◆ ABOUT THIS TASK ◆
Beginning with the line below that contains "Die LED-HĂ€ngeleuchte Glimmo" and ending with the line that contains "首紐装飾にも琥珀のビーズを使", copy every line exactly. Copy nothing else.

==== DATA TO USE ====

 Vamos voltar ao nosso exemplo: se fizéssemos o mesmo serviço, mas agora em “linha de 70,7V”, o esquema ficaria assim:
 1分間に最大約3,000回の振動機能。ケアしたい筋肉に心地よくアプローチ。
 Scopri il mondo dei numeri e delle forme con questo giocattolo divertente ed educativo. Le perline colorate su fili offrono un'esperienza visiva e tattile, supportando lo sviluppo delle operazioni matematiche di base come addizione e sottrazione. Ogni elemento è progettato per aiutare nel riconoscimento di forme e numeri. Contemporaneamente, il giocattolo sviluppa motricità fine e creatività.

====
==== DATA TO USE ====

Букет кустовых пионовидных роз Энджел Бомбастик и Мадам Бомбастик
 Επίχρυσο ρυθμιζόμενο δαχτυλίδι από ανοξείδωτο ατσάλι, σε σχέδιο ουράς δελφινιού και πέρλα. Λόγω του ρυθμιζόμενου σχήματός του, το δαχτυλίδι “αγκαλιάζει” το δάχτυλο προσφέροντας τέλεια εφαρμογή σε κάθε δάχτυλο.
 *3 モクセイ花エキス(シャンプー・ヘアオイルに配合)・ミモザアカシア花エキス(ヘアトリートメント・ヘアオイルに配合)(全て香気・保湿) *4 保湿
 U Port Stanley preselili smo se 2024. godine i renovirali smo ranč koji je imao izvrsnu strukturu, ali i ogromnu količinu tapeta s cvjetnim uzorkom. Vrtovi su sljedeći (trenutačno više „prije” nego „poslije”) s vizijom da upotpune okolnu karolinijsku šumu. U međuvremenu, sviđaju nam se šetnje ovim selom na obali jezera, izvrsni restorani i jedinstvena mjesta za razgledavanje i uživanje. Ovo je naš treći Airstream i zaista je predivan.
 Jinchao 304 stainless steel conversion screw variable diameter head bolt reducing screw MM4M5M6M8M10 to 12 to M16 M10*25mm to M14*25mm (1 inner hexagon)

====
==== DATA TO USE ====

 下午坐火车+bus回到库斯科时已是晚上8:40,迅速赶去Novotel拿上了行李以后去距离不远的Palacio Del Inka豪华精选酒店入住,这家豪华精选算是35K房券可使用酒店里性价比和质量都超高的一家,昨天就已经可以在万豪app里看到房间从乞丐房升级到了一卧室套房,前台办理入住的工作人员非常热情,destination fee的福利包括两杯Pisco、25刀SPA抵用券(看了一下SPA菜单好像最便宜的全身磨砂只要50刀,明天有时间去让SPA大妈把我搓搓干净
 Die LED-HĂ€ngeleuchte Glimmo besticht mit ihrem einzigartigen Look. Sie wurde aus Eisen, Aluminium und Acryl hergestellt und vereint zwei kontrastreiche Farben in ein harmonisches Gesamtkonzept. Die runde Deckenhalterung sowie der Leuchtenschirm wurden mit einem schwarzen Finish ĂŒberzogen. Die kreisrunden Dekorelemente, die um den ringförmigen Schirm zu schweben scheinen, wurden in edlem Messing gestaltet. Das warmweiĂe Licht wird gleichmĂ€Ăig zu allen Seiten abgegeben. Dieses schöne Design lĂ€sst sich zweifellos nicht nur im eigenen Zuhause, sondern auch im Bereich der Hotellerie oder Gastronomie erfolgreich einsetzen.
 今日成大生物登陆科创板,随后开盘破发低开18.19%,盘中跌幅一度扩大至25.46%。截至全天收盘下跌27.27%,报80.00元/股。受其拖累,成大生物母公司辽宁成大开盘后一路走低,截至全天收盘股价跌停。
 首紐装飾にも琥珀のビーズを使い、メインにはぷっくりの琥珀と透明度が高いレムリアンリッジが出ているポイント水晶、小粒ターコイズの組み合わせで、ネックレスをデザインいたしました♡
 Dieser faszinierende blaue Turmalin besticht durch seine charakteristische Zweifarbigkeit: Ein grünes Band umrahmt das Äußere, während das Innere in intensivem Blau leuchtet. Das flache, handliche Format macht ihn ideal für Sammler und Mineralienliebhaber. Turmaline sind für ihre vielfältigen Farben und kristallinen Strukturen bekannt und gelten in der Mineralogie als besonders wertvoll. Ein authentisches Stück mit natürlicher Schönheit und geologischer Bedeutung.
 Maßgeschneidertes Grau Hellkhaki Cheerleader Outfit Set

====

◆ EXERCISE RESPONSE ◆
 Die LED-HĂ€ngeleuchte Glimmo besticht mit ihrem einzigartigen Look. Sie wurde aus Eisen, Aluminium und Acryl hergestellt und vereint zwei kontrastreiche Farben in ein harmonisches Gesamtkonzept. Die runde Deckenhalterung sowie der Leuchtenschirm wurden mit einem schwarzen Finish ĂŒberzogen. Die kreisrunden Dekorelemente, die um den ringförmigen Schirm zu schweben scheinen, wurden in edlem Messing gestaltet. Das warmweiĂe Licht wird gleichmĂ€Ăig zu allen Seiten abgegeben. Dieses schöne Design lĂ€sst sich zweifellos nicht nur im eigenen Zuhause, sondern auch im Bereich der Hotellerie oder Gastronomie erfolgreich einsetzen.
 今日成大生物登陆科创板,随后开盘破发低开18.19%,盘中跌幅一度扩大至25.46%。截至全天收盘下跌27.27%,报80.00元/股。受其拖累,成大生物母公司辽宁成大开盘后一路走低,截至全天收盘股价跌停。
 首紐装飾にも琥珀のビーズを使い、メインにはぷっくりの琥珀と透明度が高いレムリアンリッジが出ているポイント水晶、小粒ターコイズの組み合わせで、ネックレスをデザインいたしました♡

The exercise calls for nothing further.